大森均の釣れ釣れ草 面白いコラムに 連載スタートに際して

 この「釣れ釣れ草」を本紙系列の大阪日日新聞で1150回連載しました。このたび、日本海新聞で新しい情報を取り入れたり、過去の反響のあったものをリライトしたりしながら続けよ、とのご指示を得ました。同一媒体で1150回はギネスか? と調べてみると、上には上がありました。それも日本人。林真理子さんの週刊文春でのコラムで1655回のギネス認定が既にされているらしい。とにかく釣りの好き嫌いを問わず、読者に「面白いコラムが増えた」と感じてもらえるものを目指して頑張りますのでよろしくお願いします。

文人釣り師の才

 他の媒体で幸田露伴や福田蘭童などの文人釣り師のことを書いた記憶がある。スポーツ選手や実業家、政治家などの釣り好きの名を瞬時に思い出すことは難しいが、文壇に釣り好きが多いと感じるのはなぜだろう。

 文壇に釣り好きが特に多いのか、といえばそれは疑わしい。開高健は釣りに行く前にはヘアトニックを頭に振りかけていく、と随筆に書いた。しかしこれがボーズ(釣果なし)にならないために育毛剤の意味での縁起担ぎだった、ということにしばらく気がつかないような文章構成にして、後に読者をニヤッとさせる。昔から釣り名人は書き下手ばかりと言われているが、対してなんでもない釣行の様子を面白おかしく読ませる文人釣り師の才能に、釣り好きが多いと、その存在を過大に感じたからに違いない。

 山本周五郎などは、その小説の中においても失意の境遇にある登場人物を慰めるために、彼らにしばしば「釣り」という時間を与えている。

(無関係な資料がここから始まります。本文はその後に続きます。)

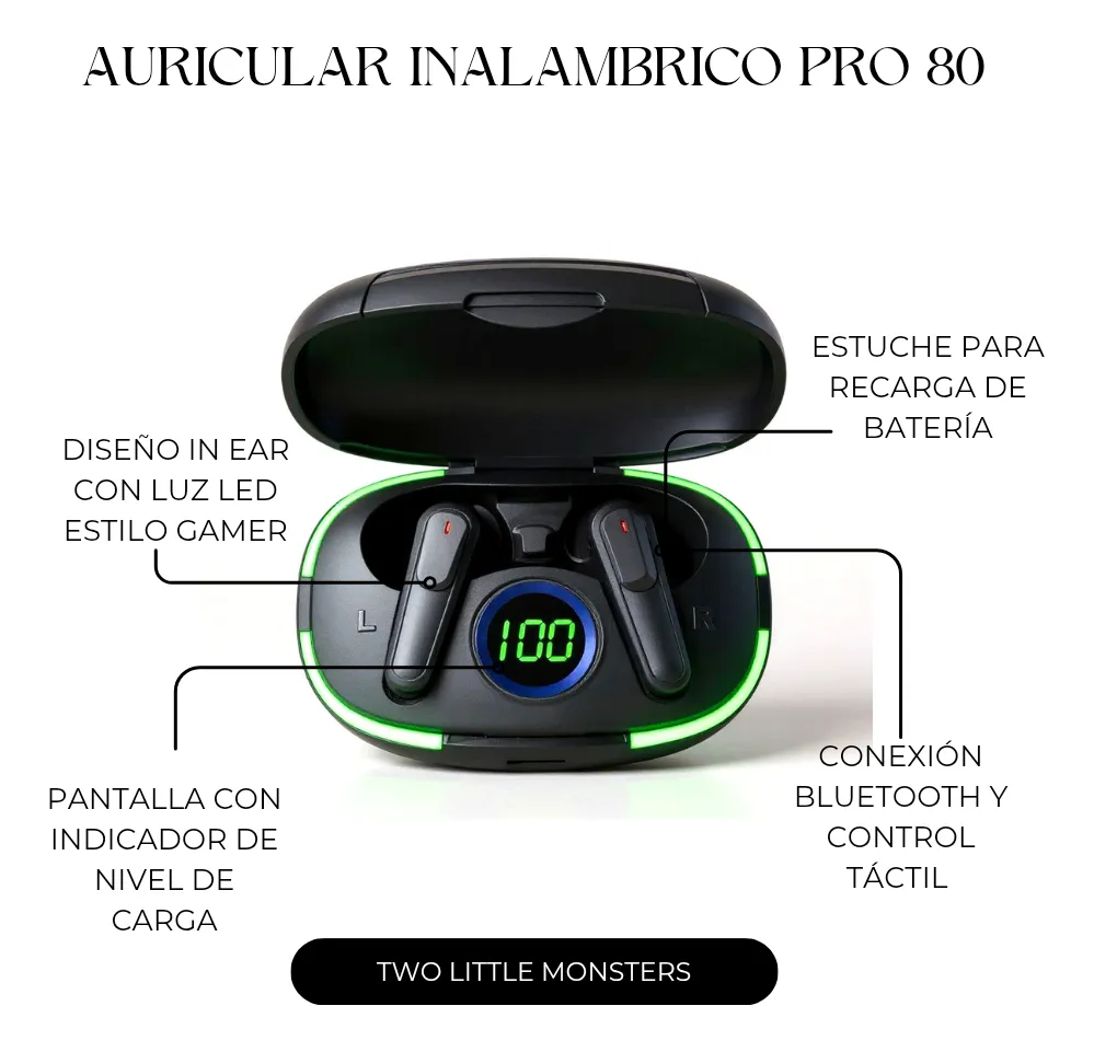 - Conectividad Inalámbrica: Versión Bluetooth 5.1 o 5.3 (varía según el modelo Pro 80 específico), que garantiza una conexión rápida, estable y de bajo consumo, con un alcance de hasta 10 metros.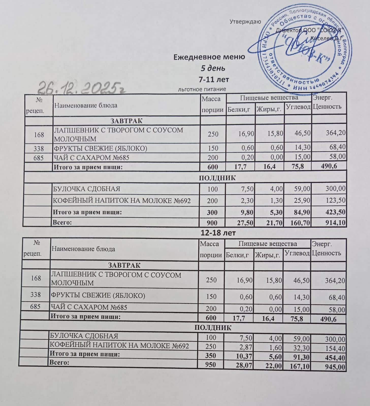26.12.2025 г. Меню - 5 день - Фото (завтрак) (полдник)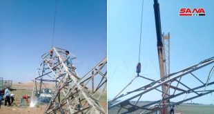 الحسكة-سانا أنهت الورشات الفنية التابعة لشركة كهرباء الحسكة صيانة الأضرار التي لحقت بخط ال66 ك.ف المغذي لمحطة تحويل كهرباء تل تمر والذي تعرض للأضرار نتيجة اعتداءات المحتل التركي

普通であれば、偶然の出会いの場を酒場や職場に求めるものを、釣り場の情景を巧みにとらえて流れに同化させる技巧は、文人釣り師ならではのものだ。とにかく、この「釣れ釣れ草」も露伴や周五郎ようには望むべくもないが、単なる釣行記やコラムにとどまらず、釣りの哲理にまで踏み込むような他紙にはない釣り欄を目指し、日本海新聞の「釣れ釣れ草」のスタートとしたい。